Monday, February 3, 2014

5 Questions with J. Anderson Coats

I included a review of Ms. J. Anderson Coats' book The Wicked and the Just (Houghton Mifflin Harcourt, 2012) in my "Winter Break Mash-Up" post. (You might want to read that post for questions 2 and 4 to make sense.) She graciously agreed to do an interview on the fascinating topics explored in her book here with me! I hope you enjoy.




HF: How and when did you become interested in medieval Welsh culture?

JAC: When I was in the sixth grade, my gifted enrichment program dida unit on medieval culture. One of the books available for our perusal was Castle by David MacCaulay. (If you’ve never read it, Castle is a slice-of-life tour through a fictional castle in Wales with the most lovely and detailed illustrations.) This book pulled me so firmly into the medieval world that I don’t think I’ve ever really left. Castle made the middle ages feel familiar, approachable and real. I went straight to my library and systematically checked out every book on medieval Wales, then the middle ages in general. When I’d read them all, I started harvesting titles from bibliographies and bugging my mother to get books for me on inter-library loan. I became the kind of unbalanced teenager who had research interests instead of boyfriends or, y’know, a life.

HF: When writing your book, did you sympathize more with one character than the other? (Cecily or Gwenhwyfar)
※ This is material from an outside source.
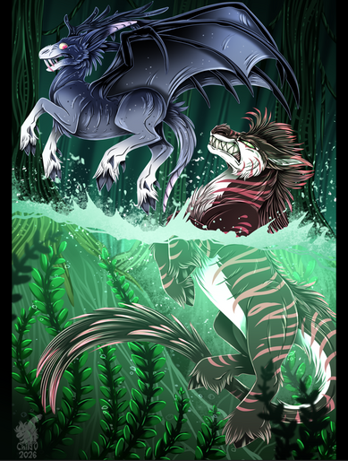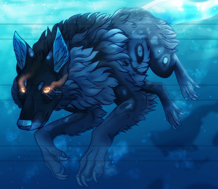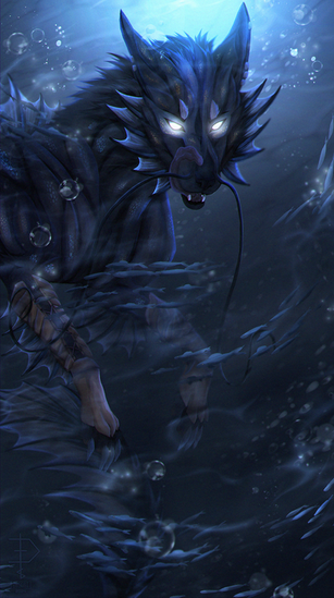 Aaah, this is so cool! <3 I love how you did his face, so reptile-like but still very canine! The water looks pretty goo too, water is so difficult to draw argh ;__; Also, the colors of the background match the character so well! <3

JAC: Cecily certainly has problems, but many of them are first-world problems and often of her own making. Gwenhwyfar’s problems are more immediate and visceral and dumped in her lap, but her fierce and uncompromising attitude complicates her ability to deal with her situation productively. Authors can’t afford to cuddle their characters too close. It’s when you put them through the wringer that they start doing interesting stuff.

HF: Did you ever consider writing non-fiction instead of historical fiction on this subject? If so, what made you choose historical fiction?


JAC: I have a bunch of academic degrees; a few in history, one in library science. I definitely could have written a straight history, but I’m much more interested in the story of early colonial Wales---what was happening on the ground to ordinary people, how they experienced these laws and injustices, how they responded. History happens out in the weeds no matter what the books tell you about kings and battles and Important People.


HF: Your book was written with a dual perspective, alternating by chapter. I noticed that Gwenhwyfar's chapters were a little bit shorter than Cecily's. Was there a reason for this?


JAC: I structured the book so Cecily’s narrative was initially the stronger, dominant one, but toward the end, Gwenhwyfar’s sections grow longer and Cecily’s become shorter. The distance between them is shrinking as the world changes around them.

HF: Do you plan to write more historical fiction, and if so, will you stay on the subject of medieval Wales? If you plan to write something other than historical fiction, will you stay in the YA

genre?

JAC: I definitely plan to keep writing YA, and maybe middle-grade someday. I like historical fiction and I’ll probably write more in the future, but I go where the story goes.